Look past the bars and chains and you can find a few bites of hometown flavor and clever cooking. Moses White has old-fashioned barbecue, Ladies of the Sea has fried crabs and mullet sandwiches and the Cauldron cooks up Jamaican meat pies, curry oxtail and steam fish. Tropicana and the Silver Ring make up plenty of Cuban sandwiches, and Carmine's fries deviled crab.
In its prime, Ybor also was heavily Italian, and that heritage is still around. For a contemporary slice, try Bernini; for old-world romance, La Terrazza.
The most creative cuisine in Ybor, however, is made for sports fans. Tampa Bay Brewing Company not only crafts a dozen sharp beers from Iron Rat Stout to ales of many pales, it cooks with them too. Chefs toss fresh hops in salad, brewers yeast in pizza and porter in ice cream and the glaze on the rack of lamb. It'll be the best beer, solid, liquid, hot or cold, you taste all weekend.
Other options
For more civilized dining and tamer celebrating, head to your left when you leave the games.

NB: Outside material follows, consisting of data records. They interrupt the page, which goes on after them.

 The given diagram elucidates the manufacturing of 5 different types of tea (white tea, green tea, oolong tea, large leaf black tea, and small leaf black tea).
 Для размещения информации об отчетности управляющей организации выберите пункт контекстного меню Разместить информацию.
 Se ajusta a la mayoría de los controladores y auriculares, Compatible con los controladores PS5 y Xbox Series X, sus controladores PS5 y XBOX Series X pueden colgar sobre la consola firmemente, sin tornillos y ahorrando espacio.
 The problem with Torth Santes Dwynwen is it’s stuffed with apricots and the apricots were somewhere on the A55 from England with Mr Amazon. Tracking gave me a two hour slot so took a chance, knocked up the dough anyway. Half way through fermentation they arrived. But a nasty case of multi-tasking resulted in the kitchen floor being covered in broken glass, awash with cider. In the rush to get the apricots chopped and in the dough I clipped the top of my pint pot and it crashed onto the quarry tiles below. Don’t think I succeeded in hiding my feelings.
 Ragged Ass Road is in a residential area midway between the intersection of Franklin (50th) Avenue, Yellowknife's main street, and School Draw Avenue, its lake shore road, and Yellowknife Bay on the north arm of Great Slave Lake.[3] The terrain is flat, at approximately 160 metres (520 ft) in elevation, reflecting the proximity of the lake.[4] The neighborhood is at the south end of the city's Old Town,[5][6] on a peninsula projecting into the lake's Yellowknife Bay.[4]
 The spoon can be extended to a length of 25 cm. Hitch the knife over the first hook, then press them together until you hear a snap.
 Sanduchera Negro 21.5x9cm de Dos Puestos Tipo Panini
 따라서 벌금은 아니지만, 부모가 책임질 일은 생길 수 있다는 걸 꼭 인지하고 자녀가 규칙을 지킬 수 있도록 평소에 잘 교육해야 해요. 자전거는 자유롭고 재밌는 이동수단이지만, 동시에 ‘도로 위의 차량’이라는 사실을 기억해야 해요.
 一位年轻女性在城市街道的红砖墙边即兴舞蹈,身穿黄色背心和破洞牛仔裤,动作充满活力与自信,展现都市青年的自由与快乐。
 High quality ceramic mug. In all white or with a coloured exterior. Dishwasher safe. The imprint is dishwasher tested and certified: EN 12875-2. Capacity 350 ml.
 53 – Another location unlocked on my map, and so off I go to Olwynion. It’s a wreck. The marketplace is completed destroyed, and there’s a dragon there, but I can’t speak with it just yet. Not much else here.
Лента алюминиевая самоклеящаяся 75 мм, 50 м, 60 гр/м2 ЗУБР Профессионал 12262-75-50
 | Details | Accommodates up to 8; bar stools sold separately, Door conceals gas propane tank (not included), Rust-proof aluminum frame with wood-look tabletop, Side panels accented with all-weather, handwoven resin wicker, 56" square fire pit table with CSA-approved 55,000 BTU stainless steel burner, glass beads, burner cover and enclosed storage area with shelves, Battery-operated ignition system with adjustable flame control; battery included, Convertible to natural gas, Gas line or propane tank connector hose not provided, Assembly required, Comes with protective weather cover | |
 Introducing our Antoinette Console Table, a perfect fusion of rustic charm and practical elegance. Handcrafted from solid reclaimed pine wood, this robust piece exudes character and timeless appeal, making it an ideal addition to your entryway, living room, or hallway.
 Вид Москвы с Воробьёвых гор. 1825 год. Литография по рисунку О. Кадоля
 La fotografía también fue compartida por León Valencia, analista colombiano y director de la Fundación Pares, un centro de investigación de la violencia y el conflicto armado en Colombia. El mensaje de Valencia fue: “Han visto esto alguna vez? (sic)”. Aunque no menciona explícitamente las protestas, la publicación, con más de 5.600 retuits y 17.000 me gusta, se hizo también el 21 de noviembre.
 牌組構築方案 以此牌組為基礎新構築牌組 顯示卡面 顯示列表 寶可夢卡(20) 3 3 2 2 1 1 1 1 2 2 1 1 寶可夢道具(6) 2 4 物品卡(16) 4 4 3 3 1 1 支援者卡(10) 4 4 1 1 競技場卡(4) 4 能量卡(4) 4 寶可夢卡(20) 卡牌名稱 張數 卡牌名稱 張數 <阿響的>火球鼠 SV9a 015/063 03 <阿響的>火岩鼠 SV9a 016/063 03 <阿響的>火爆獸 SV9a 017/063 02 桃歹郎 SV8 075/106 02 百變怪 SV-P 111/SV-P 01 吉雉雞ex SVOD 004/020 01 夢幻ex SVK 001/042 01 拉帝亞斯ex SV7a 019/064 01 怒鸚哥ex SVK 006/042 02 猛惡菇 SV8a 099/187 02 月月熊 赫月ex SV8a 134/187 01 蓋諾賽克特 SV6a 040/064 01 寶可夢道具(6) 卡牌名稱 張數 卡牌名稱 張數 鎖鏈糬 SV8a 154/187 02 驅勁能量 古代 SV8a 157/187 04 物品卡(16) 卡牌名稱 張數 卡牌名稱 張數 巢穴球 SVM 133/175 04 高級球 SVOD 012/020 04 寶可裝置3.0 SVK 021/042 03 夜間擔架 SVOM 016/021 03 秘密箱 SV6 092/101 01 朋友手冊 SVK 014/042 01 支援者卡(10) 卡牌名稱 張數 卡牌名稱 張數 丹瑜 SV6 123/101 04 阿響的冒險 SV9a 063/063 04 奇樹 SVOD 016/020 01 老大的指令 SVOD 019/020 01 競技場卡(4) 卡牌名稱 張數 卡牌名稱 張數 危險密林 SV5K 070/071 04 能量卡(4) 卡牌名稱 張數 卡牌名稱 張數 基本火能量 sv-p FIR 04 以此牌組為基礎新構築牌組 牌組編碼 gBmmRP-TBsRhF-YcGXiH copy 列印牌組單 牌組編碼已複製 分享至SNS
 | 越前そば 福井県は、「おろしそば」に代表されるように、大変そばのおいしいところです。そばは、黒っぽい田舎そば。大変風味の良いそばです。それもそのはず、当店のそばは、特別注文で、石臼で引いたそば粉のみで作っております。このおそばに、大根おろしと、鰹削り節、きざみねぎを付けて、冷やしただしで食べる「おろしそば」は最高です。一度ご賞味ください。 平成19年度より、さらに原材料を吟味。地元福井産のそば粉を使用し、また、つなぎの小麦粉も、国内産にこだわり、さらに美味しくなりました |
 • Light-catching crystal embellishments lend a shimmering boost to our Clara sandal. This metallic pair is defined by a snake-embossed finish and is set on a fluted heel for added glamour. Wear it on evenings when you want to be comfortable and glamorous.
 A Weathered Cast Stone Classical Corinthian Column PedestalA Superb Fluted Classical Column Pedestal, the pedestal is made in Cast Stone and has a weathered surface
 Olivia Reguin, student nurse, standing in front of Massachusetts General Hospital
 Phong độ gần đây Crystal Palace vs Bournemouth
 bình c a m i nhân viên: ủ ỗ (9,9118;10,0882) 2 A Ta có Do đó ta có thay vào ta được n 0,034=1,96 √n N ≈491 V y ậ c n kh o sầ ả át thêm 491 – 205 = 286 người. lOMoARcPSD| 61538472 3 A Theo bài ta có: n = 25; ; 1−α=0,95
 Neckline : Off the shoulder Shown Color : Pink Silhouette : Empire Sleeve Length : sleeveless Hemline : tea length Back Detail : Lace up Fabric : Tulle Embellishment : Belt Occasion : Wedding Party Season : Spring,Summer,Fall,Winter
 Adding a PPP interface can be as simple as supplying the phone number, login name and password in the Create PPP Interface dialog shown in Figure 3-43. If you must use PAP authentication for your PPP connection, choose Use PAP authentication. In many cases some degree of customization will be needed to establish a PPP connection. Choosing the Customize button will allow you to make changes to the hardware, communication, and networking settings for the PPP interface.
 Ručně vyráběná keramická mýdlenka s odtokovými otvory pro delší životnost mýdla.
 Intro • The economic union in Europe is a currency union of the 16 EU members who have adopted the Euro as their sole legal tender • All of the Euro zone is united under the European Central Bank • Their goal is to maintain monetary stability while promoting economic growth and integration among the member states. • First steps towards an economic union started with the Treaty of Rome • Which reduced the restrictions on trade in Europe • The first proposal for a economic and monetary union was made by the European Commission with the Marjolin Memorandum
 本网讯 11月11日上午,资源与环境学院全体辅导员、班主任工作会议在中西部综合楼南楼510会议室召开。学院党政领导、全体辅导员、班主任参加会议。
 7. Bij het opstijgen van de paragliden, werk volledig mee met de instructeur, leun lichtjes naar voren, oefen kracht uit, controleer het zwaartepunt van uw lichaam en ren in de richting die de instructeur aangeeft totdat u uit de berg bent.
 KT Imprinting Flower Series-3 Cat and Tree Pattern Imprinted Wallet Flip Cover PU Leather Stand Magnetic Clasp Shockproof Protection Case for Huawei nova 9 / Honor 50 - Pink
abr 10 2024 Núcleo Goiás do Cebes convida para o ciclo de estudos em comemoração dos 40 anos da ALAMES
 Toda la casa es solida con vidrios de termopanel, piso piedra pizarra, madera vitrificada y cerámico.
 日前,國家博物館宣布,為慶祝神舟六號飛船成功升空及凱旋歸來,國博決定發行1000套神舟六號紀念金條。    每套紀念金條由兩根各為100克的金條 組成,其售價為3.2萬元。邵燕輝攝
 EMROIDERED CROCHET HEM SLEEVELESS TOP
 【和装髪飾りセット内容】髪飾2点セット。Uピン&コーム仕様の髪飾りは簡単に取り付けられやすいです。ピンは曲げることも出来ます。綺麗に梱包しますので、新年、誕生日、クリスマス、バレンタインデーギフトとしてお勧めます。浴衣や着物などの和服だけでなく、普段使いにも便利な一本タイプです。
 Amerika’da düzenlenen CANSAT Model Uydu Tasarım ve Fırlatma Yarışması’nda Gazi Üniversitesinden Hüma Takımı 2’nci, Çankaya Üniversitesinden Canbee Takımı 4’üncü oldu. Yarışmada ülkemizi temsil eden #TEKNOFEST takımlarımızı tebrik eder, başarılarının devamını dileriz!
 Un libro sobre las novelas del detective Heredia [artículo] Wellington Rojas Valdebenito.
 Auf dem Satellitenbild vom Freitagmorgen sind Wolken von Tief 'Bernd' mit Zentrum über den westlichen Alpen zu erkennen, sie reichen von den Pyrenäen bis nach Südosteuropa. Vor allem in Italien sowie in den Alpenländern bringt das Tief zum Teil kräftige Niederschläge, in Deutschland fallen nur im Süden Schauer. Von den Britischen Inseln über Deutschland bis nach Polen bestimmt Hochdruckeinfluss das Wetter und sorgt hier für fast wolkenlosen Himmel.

Next door to the Forum is Tampa's big convention hotel, the Marriott Waterside, with an American cafe and Il Terrazzo, a high-end Italian restaurant. Across the river from it on Harbour Island, the Wyndham Hotel's Luna di Mare specializes in seafood and Italian. Jackson's sets the splashiest tables and happy hours with a view of the water and the skyline, a deep wine cellar and a menu that runs from pork tenderloin to sushi.
Keep going and you'll get into dining neighborhoods aimed at locals more than tourists. Just past Harbour Island is Davis Islands, where a small-town main street is lined with sidewalk tables of a half-dozen modest restaurants. My favorites are Estela's for traditional Mexican fare of moles, steak, shrimp sopes and ice cold Negra Modelo, and Pipo's for Cuban chicken, terrific roast pork and Hatuey beer. In good weather on weekend nights, you'll also get a mariachi band at Estela's and a smooth Cuban combo for dancing at Pipo's.
Farther west, Howard Avenue is the home of the famed steak and wine of Bern's Steak House and the crowded Soho Restaurant Row. Howard's menu includes good dim sum at T.C. Choy's and late night tapas at Sangria and Ceviche, plus Thai, Caribbean, contemporary, steaks, seafood and a lot of pizza in between.
There's a smaller, more diverse collection of fine eating on MacDill Avenue from Bay to Bay Boulevard south to Gandy: salads and sandwiches with Pane Rustica's fresh bread, Byblos' upscale Lebanese, Spartaco's sensual Italian, La Fonda's hearty Cuban, Rigoletto's rustic Tuscan and Mad Dogs & Englishmen for pints and sport with an English accent.
And if you find yourself in the hotel and shopping mall corridors of Dale Mabry Highway and West Shore Boulevard, you can eat at all your favorite chains, including Roy's, Lee Roy Selmon's and Flemings, Outback ventures with headquarters here.
You could also stop into Havana Village on Dale Mabry or La Teresita or any Cuban spot on Columbus Drive, for a taste of why we call the street Boliche Boulevard.
That robust rump roast stuffed with chorizo sausage, with yellow rice, black beans and fried plantains won't cost much more than $7. A Cuban sandwich of ham, pork, salami and cheese on bread flat, hot and crisp right off the press, will cost you half that.